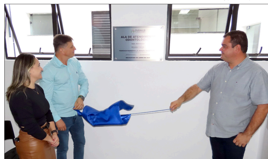
A nova ala vai ampliar o atendimento na região central da cidade
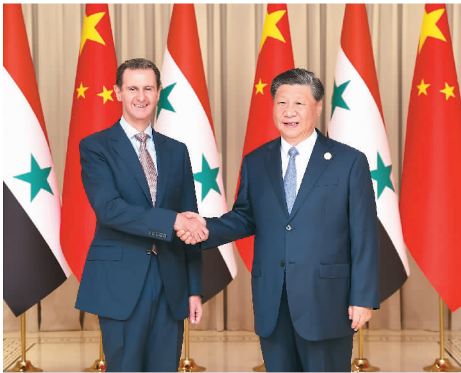
9月22日下午,国家主席习近平在杭州西湖国宾馆会见来华出席第19届亚洲运动会开幕式的叙利亚总统巴沙尔。

本报杭州9月22日电 (记者李中文、王海林) 9月22日下午,国家主席习近平在杭州西湖国宾馆会见来华出席第19届亚洲运动会开幕式的叙利亚总统巴沙尔。两
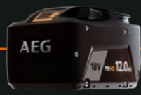
Batterie 18V 12.0 Ah SHD 4935493535
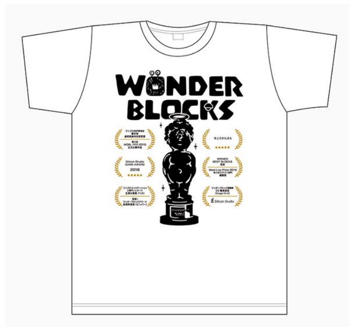
オリジナル T シャツ（画像は製作中のものです。実際の製品とは異なる場合があります。）

【Facebook】 https://www.facebook.com/siliconstudiojp/

§ Work required: Write out each entry word for word, images excluded.

§ Answer below:
A nova ala vai ampliar o atendimento na região central da cidade
9月22日下午,国家主席习近平在杭州西湖国宾馆会见来华出席第19届亚洲运动会开幕式的叙利亚总统巴沙尔。

本报杭州9月22日电 (记者李中文、王海林) 9月22日下午,国家主席习近平在杭州西湖国宾馆会见来华出席第19届亚洲运动会开幕式的叙利亚总统巴沙尔。两
Batterie 18V 12.0 Ah SHD 4935493535
オリジナル T シャツ（画像は製作中のものです。実際の製品とは異なる場合があります。）

【Facebook】 https://www.facebook.com/siliconstudiojp/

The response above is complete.